(Entries provided Opens)

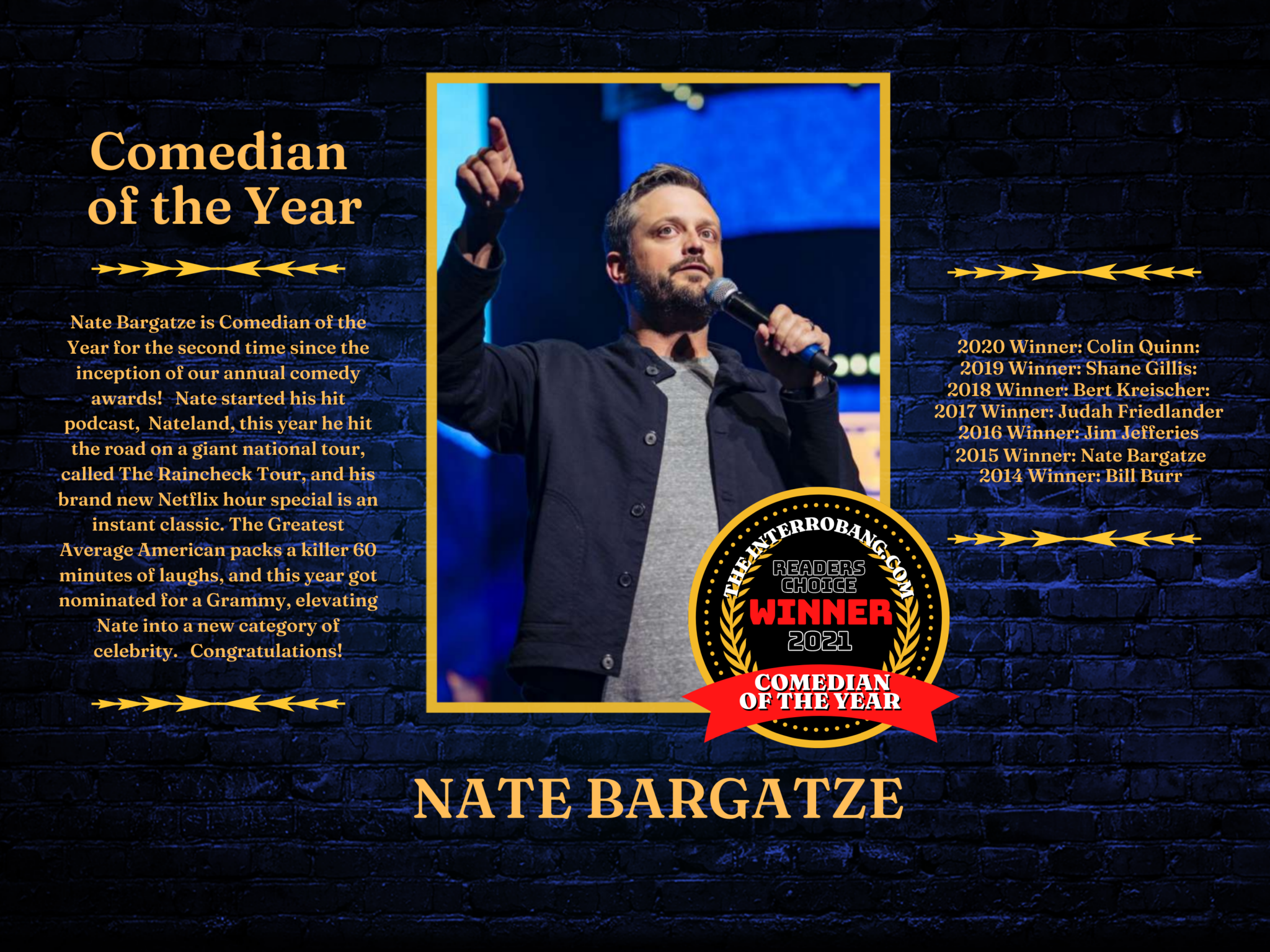 Finally, the coveted STAND UP COMEDIAN OF THE YEAR goes to NATE BARGATZE, our first comedian to repeat wins for this category. It’s a gigantic year for Nate, who was also nominated as one of the 11 best comedy specials of the year, and he was nominated for a Grammy. You can see Nate currently on tour around the country, and listen to his Nateland podcast. Read all ten of our amazing Comedian of the Year nominees here.
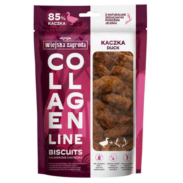 Oferujemy wyjątkowy przysmak dla Twojego czworonożnego przyjaciela - kolagenowe ciasteczka z kaczki od Wiejskiej Zagrody! Te smaczne, zdrowe przekąski zostały stworzone z myślą o psach w każdym wieku i zapewniają nie tylko doskonały smak, ale także szereg korzyści zdrowotnych.
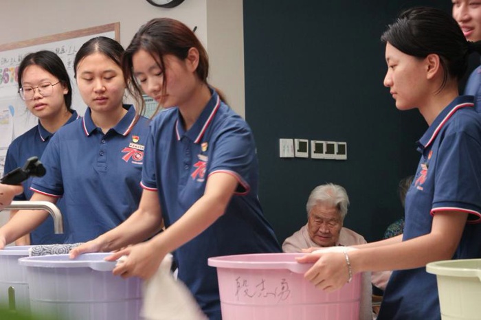 用生命教育淬炼青年担当。7月18日起,实践向心灵深处掘进。辅助关节康复时的每一次托举,为行动不便者洗脚时的每一次俯身,都在消弭代际隔膜。学生日记里写道:“当奶奶的手自然搭在我肩头,那沉甸甸的依靠感,胜过千言万语。”
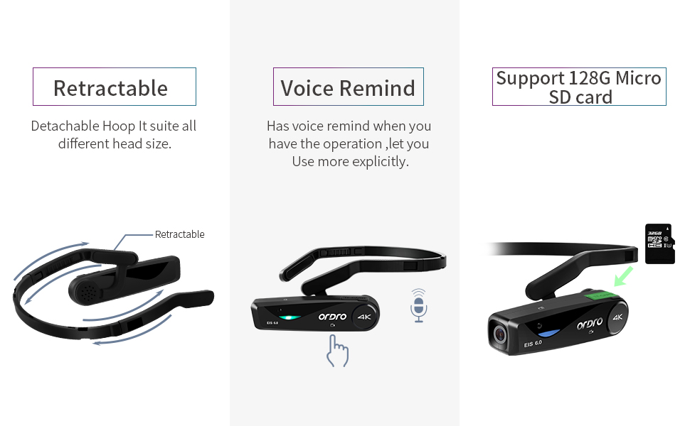 The ORDRO EP6Plus is a cutting-edge 4K head-mounted camera designed for hands-free, first-person vlogging. Featuring a SONY 1/2.8 inch sensor, 130° wide-angle lens, and advanced EIS 6.0 anti-shake technology, it delivers crystal-clear, stable footage. With WiFi connectivity and the OD Cam app, users can remotely control the camera, preview shots, and share instantly. The included 32GB microSD card and 1000mAh battery with pass-through charging ensure you stay powered and ready to capture every moment.
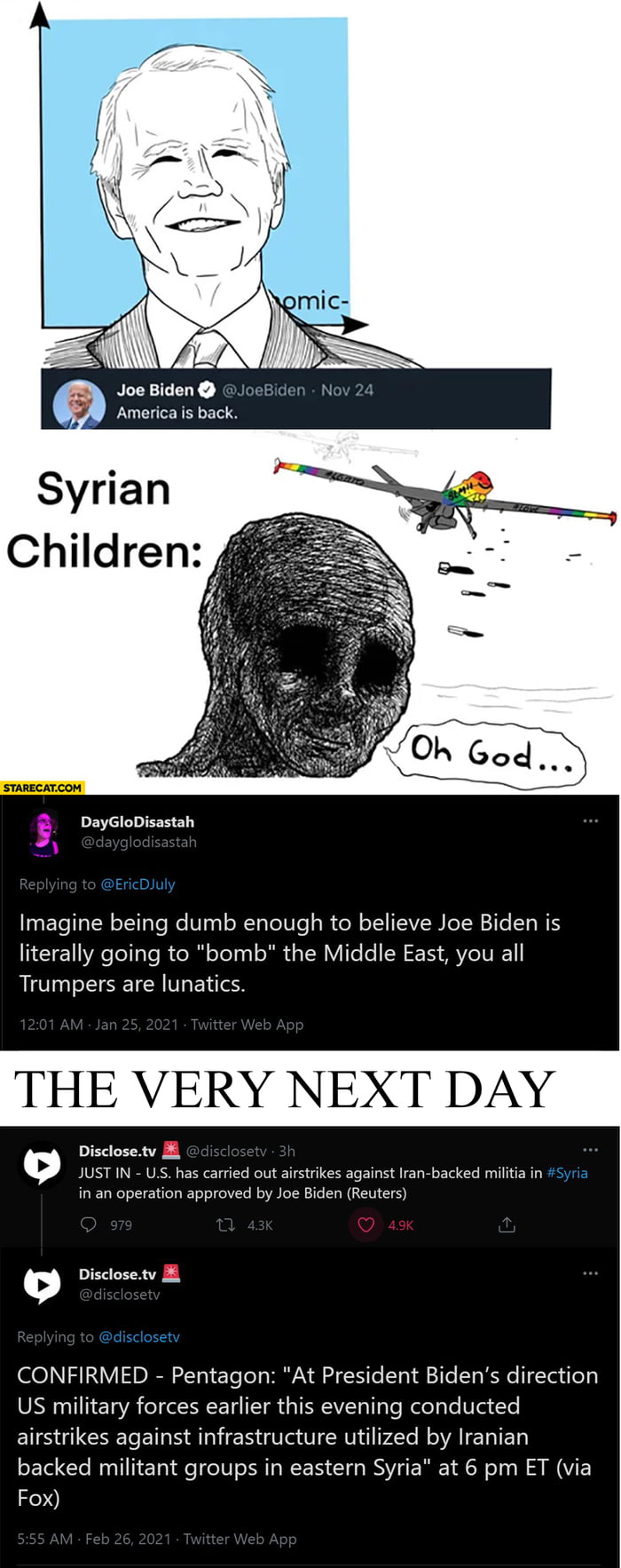 You also wrote “Just watch Biden, we will have another conflict in 2021”, can you elaborate on that? Any insider information? Should I short the sp500?
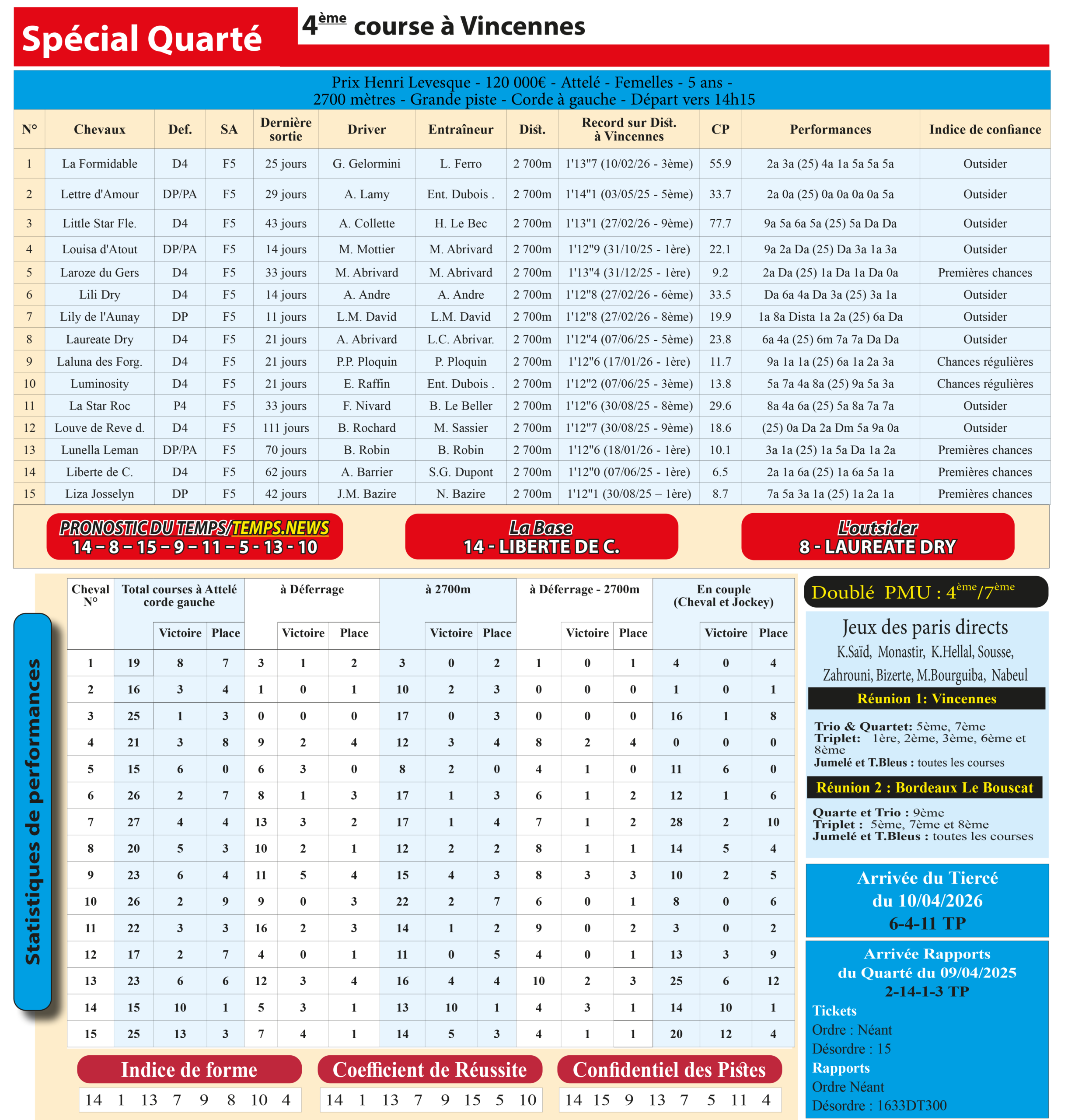 Le cheval 14– Liberté de Choisel s’impose comme notre base solide pour ce Spécial Quarté, tandis que le 8– Laureate Dry sera notre outsider préféré, capable de créer la surprise à belle cote. Une combinaison équilibrée pour viser les sommets sur l’hippodrome de Vincennes.
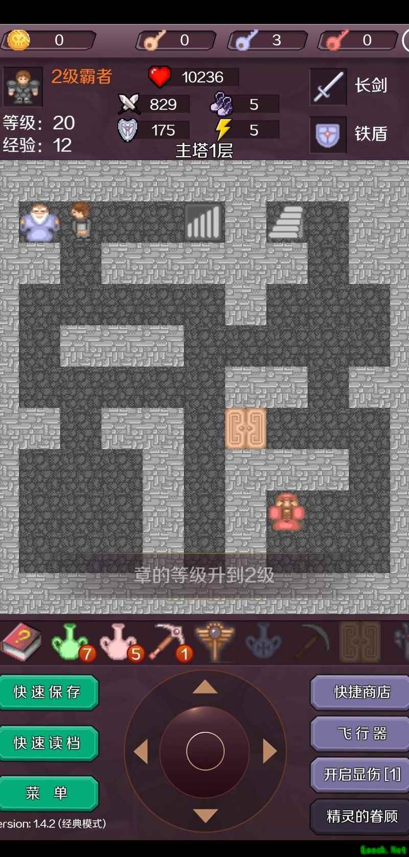 登上20层,击败假公主获取宝石,返回2层寻找小偷,开启通往下方的通道。抵达B2层后,打开左右任一黄门,与小魔仙对话取得魔法之匙。前往15层,开启红门击杀章鱼,沿通道进入17层密室。逐层清理可安全应对的小怪,将攻击力提升至437,进入密室第五层,取走中央的霸者章,直面倒影挑战。
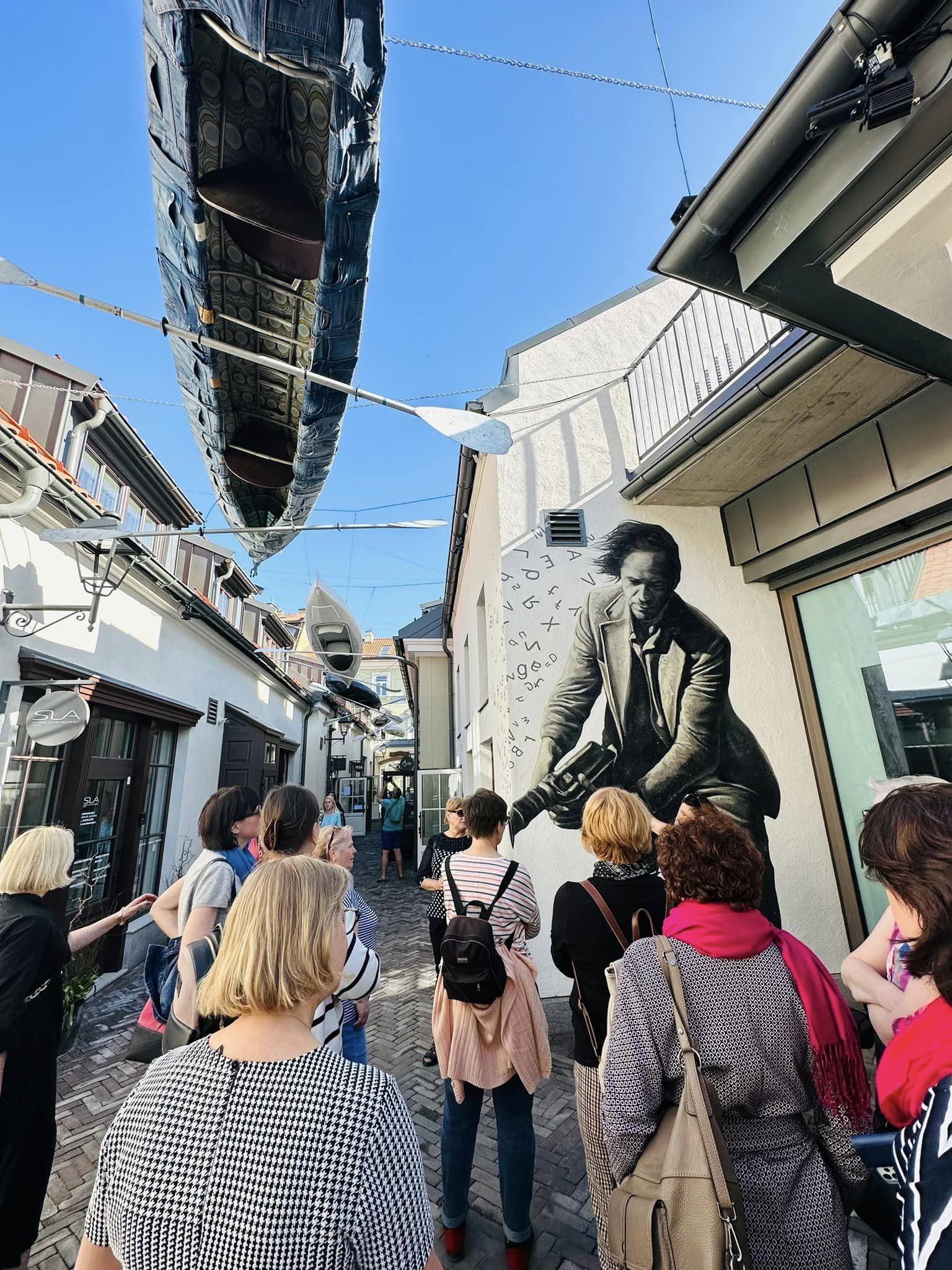 Kelionės dalyviams „vyšnia ant torto“ tapo pasivaikščiojimas po Užupį, kur ypač sužavėjo šio bohemiškiausio sostinės kvartalo atmosfera, nuosava Konstitucija, istorijos, meniški objektai, prabangos ir skurdo kontrastai, be kurių Užupis, ko gero, daug prarastų. Grupė keliautojų ypač dėkinga iškalbingajai gidei Gabijai Lunevičiūtei, kuri papasakojo apie J. Kunčiną ir jo legendinį romaną “Tūlą”, J. Meką, L. Gutauską, R. Granausko ir J. Apučio draugystę… Ar iš balos ta iškalba ir vaizduotė? Pasirodo ne iš balos, o iš kūrybiškų genų. Gidė Gabija yra rašytojo J. Apučio anūkė.
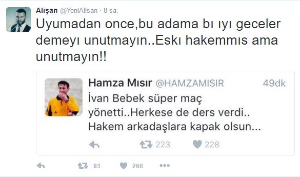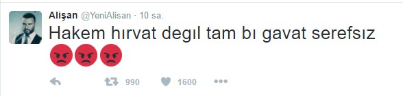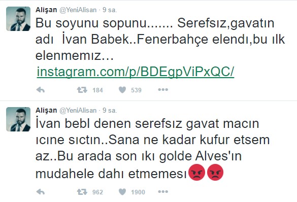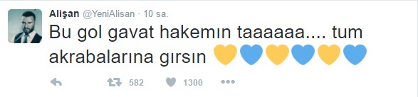 Alper Potuk'un ilk yarının sonlarıa doğru bulduğu golden sonra hızını alamayan Alişan, devamında "Bu gol g..at hakemın taaaaaa.... tum akrabalarına g...n" mesajını yayınladı.
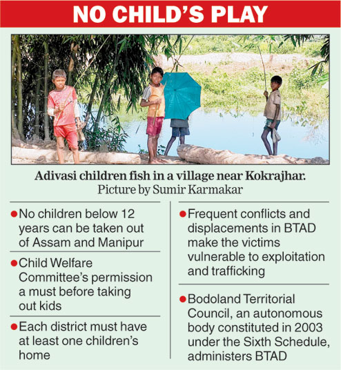 According to Assam government officials here, nearly 1,000 children from the BTAD have been "trafficked" since 1996. The issue was discussed during a consultation on adolescents and child rights in the BTAD, here on October 25 and 26. It was organised by the Northeast Society for the Promotion of Youth and Masses, a Guwahati-based NGO with the support of Unicef, Assam.
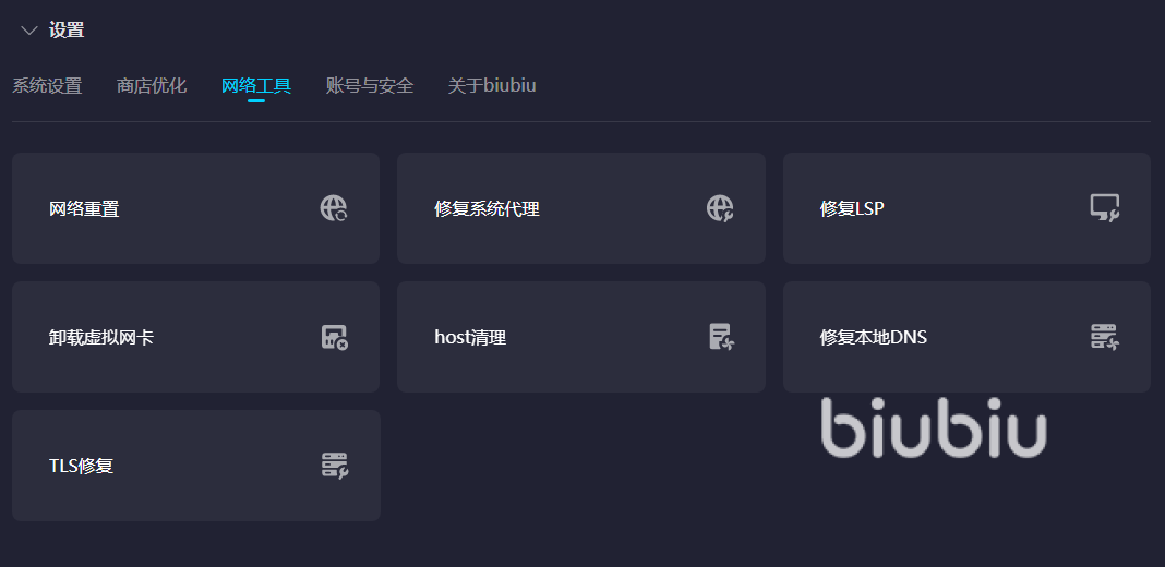绝地求生开放了多个端口,biubiu都支持这些端口的加速,在启动加速之前,小编建议大家先用工具来改善一下电脑网络环境。具体的操作是点开biubiu工具箱,根据自己电脑网络故障情况选择合适的工具进行修复,如果经常性网页无法打开或者一直感觉加速效果不给力的话,可以选择修路LSP这个工具,优化以后这些故障自然都解决了。
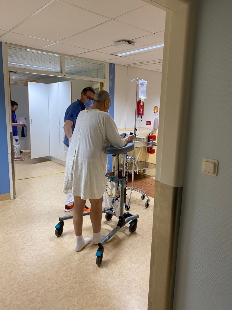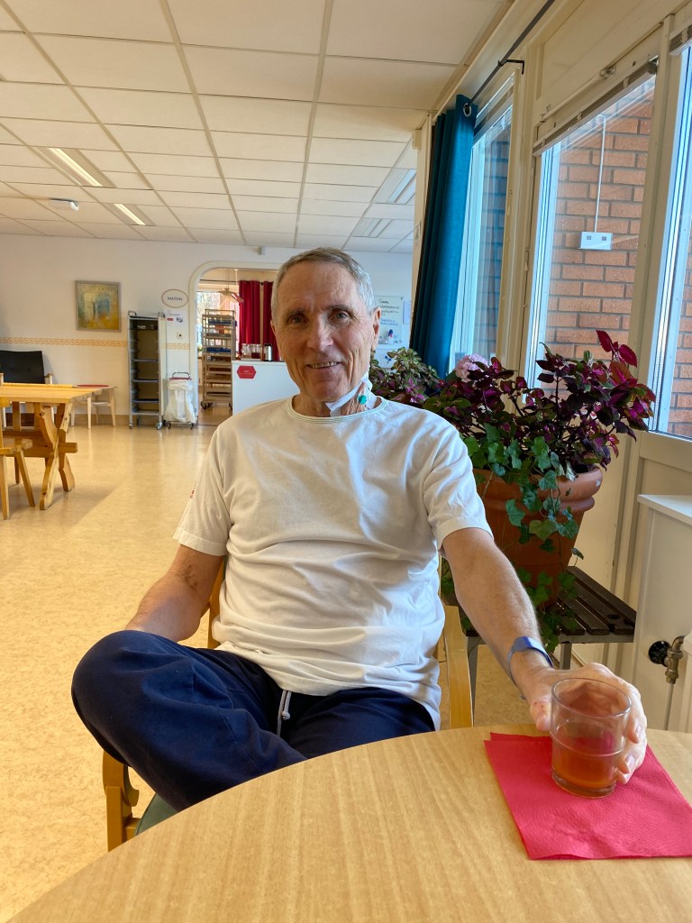 Räddningen var Christina som dagligen kom på besök, förutom en dag då jag inte orkade se någon. Även brorsan Ulf och dotter Lisa gjorde flera besök och lättade upp det hela. Peppning på messenger av andra. En trevlig och nyttig man var Kjell. Sjukgymnasten som såg till att jag kom upp ur sängen och kunde gå lite i korridoren. Det behövdes för att kroppen skulle komma igång. Under de sista dagarna fick jag följa honom upp till 9:e våningen och ta några bilder. Hans ”domäner” med gympasal m.m.

(Entries provided Closes)

▸ Required work:
Your answer must be the entries repeated exactly, with no pictures.

▸ Exercise response:
 Finally, the coveted STAND UP COMEDIAN OF THE YEAR goes to NATE BARGATZE, our first comedian to repeat wins for this category. It’s a gigantic year for Nate, who was also nominated as one of the 11 best comedy specials of the year, and he was nominated for a Grammy. You can see Nate currently on tour around the country, and listen to his Nateland podcast. Read all ten of our amazing Comedian of the Year nominees here.
 Oferujemy wyjątkowy przysmak dla Twojego czworonożnego przyjaciela - kolagenowe ciasteczka z kaczki od Wiejskiej Zagrody! Te smaczne, zdrowe przekąski zostały stworzone z myślą o psach w każdym wieku i zapewniają nie tylko doskonały smak, ale także szereg korzyści zdrowotnych.
 用生命教育淬炼青年担当。7月18日起,实践向心灵深处掘进。辅助关节康复时的每一次托举,为行动不便者洗脚时的每一次俯身,都在消弭代际隔膜。学生日记里写道:“当奶奶的手自然搭在我肩头,那沉甸甸的依靠感,胜过千言万语。”
 The ORDRO EP6Plus is a cutting-edge 4K head-mounted camera designed for hands-free, first-person vlogging. Featuring a SONY 1/2.8 inch sensor, 130° wide-angle lens, and advanced EIS 6.0 anti-shake technology, it delivers crystal-clear, stable footage. With WiFi connectivity and the OD Cam app, users can remotely control the camera, preview shots, and share instantly. The included 32GB microSD card and 1000mAh battery with pass-through charging ensure you stay powered and ready to capture every moment.
 You also wrote “Just watch Biden, we will have another conflict in 2021”, can you elaborate on that? Any insider information? Should I short the sp500?
 Le cheval 14– Liberté de Choisel s’impose comme notre base solide pour ce Spécial Quarté, tandis que le 8– Laureate Dry sera notre outsider préféré, capable de créer la surprise à belle cote. Une combinaison équilibrée pour viser les sommets sur l’hippodrome de Vincennes.
 登上20层,击败假公主获取宝石,返回2层寻找小偷,开启通往下方的通道。抵达B2层后,打开左右任一黄门,与小魔仙对话取得魔法之匙。前往15层,开启红门击杀章鱼,沿通道进入17层密室。逐层清理可安全应对的小怪,将攻击力提升至437,进入密室第五层,取走中央的霸者章,直面倒影挑战。
 Kelionės dalyviams „vyšnia ant torto“ tapo pasivaikščiojimas po Užupį, kur ypač sužavėjo šio bohemiškiausio sostinės kvartalo atmosfera, nuosava Konstitucija, istorijos, meniški objektai, prabangos ir skurdo kontrastai, be kurių Užupis, ko gero, daug prarastų. Grupė keliautojų ypač dėkinga iškalbingajai gidei Gabijai Lunevičiūtei, kuri papasakojo apie J. Kunčiną ir jo legendinį romaną “Tūlą”, J. Meką, L. Gutauską, R. Granausko ir J. Apučio draugystę… Ar iš balos ta iškalba ir vaizduotė? Pasirodo ne iš balos, o iš kūrybiškų genų. Gidė Gabija yra rašytojo J. Apučio anūkė.
 Alper Potuk'un ilk yarının sonlarıa doğru bulduğu golden sonra hızını alamayan Alişan, devamında "Bu gol g..at hakemın taaaaaa.... tum akrabalarına g...n" mesajını yayınladı.
 According to Assam government officials here, nearly 1,000 children from the BTAD have been "trafficked" since 1996. The issue was discussed during a consultation on adolescents and child rights in the BTAD, here on October 25 and 26. It was organised by the Northeast Society for the Promotion of Youth and Masses, a Guwahati-based NGO with the support of Unicef, Assam.
绝地求生开放了多个端口,biubiu都支持这些端口的加速,在启动加速之前,小编建议大家先用工具来改善一下电脑网络环境。具体的操作是点开biubiu工具箱,根据自己电脑网络故障情况选择合适的工具进行修复,如果经常性网页无法打开或者一直感觉加速效果不给力的话,可以选择修路LSP这个工具,优化以后这些故障自然都解决了。
 Räddningen var Christina som dagligen kom på besök, förutom en dag då jag inte orkade se någon. Även brorsan Ulf och dotter Lisa gjorde flera besök och lättade upp det hela. Peppning på messenger av andra. En trevlig och nyttig man var Kjell. Sjukgymnasten som såg till att jag kom upp ur sängen och kunde gå lite i korridoren. Det behövdes för att kroppen skulle komma igång. Under de sista dagarna fick jag följa honom upp till 9:e våningen och ta några bilder. Hans ”domäner” med gympasal m.m.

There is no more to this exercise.